I mean running code on it is fine

thheller17:08:09

but developing on it?

currentoor17:08:52

well the approach i was thinking was running shadow-cljs + emacs on my laptop and pushing the compiled js to the raspberry pi

thheller17:08:01

yeah thats fine

currentoor17:08:19

is there a hook somewhere in shadow-cljs to do this sort of thing?

currentoor17:08:41

ideally i’d have a dev environment with hot code reloading

thheller17:08:05

well what do you want to build? assuming a node-script?

currentoor17:08:08

the only hooks i see are inside JS

currentoor17:08:15

yes a node script

thheller17:08:59

how is the pi connected?

thheller17:08:11

can you mount a network drive on it?

currentoor17:08:14

ssh at the moment 😅

thheller17:08:21

sshfs or something like that would work too

currentoor17:08:45

yeah i could do that

thheller17:08:00

ah damn that would probably suffer the same issue I fixed yesterday

thheller17:08:09

didn't release the fix yet though

thheller17:08:01

well what I would probably do a) mount a sshfs drive on the pi that points to your local project

thheller17:08:15

b) run node out/your-thing.js on the pi

thheller17:08:50

that will connect to your local machine for the hot-reload/repl stuff

currentoor18:08:07

cool, what’s the issue you fixed?

currentoor18:08:11

and thank you!

thheller18:08:26

well :node-script currently has some hard coded absolute paths

thheller18:08:54

so they basically only run on the machine they were compiled on

thheller18:08:01

during development, release is fine.

thheller18:08:14

but yeah the pi won't find the absolute path

thheller18:08:17

so that doesn't work

currentoor18:08:38

i see, so the above approach won’t work yet right?

thheller18:08:45

right now no

thheller18:08:50

I should have a release ready soon

currentoor18:08:01

ok no worries simple_smile

currentoor18:08:37

also congrats on the clojurists together grant, well deserved!

thheller18:08:56

thx although I'm beginning to think I scammed myself

💸 4
thheller18:08:10

spending way more time with this than I planned initially 😉

thheller18:08:31

but its good to work on the stuff I wanted to work on for a while

currentoor18:08:58

it’s definitely good for the community simple_smile

urbanslug18:08:53

More of a cljs question.
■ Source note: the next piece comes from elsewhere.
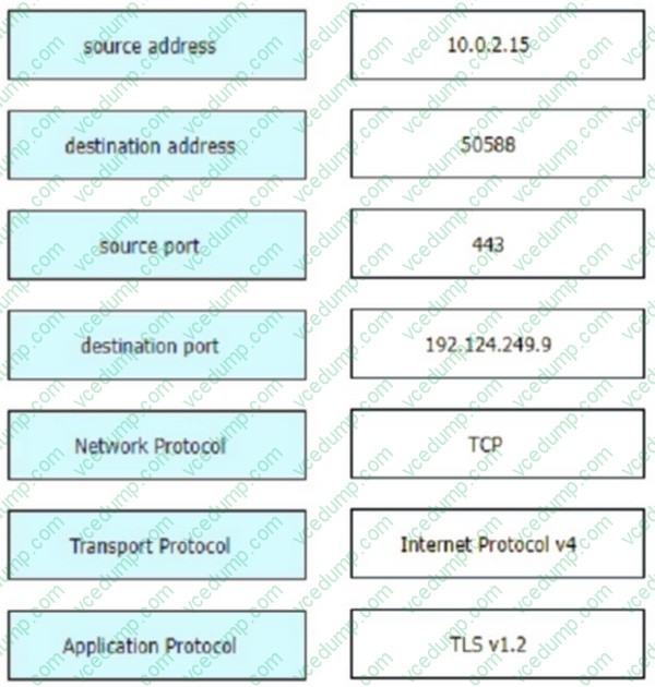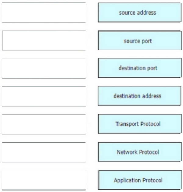 Drag and drop the element names from the left onto the corresponding pieces of the PCAP file on the right.

I set a var as you said @thheller but when it comes to retrieving it from the app-state does something change? all my attemps to retrieve give me null/undefined

thheller18:08:53

how are you setting it?

urbanslug18:08:07

(-> @app-state :config :url) however it's there when I console log the (:config @app-state)

urbanslug18:08:22

(swap! app-state merge {:config (js->clj config)})

urbanslug18:08:45

where config is the var from js

thheller18:08:58

I'm confused. is it there or not?

thheller18:08:03

its there if you do (:config @app-state) but not when (-> @app-state :config :url)?

urbanslug18:08:35

or even (:url :config @app-state)

urbanslug18:08:40

the threading doesn't matter

thheller18:08:40

thats not valid

thheller18:08:51

(get-in @app-state [:config :url]) doesn't work?

thheller18:08:11

same as threading so it shouldn't be there either then

thheller18:08:36

ah wait ...

thheller18:08:01

the (:config @app-state) probably shows {"url" "..."} right?

thheller18:08:09

thats a string key and you are trying to get a keyword

thheller18:08:37

try either (get-in @app-state [:config "url"]) or (js->clj config :keywordize-keys true) when doing the initial swap!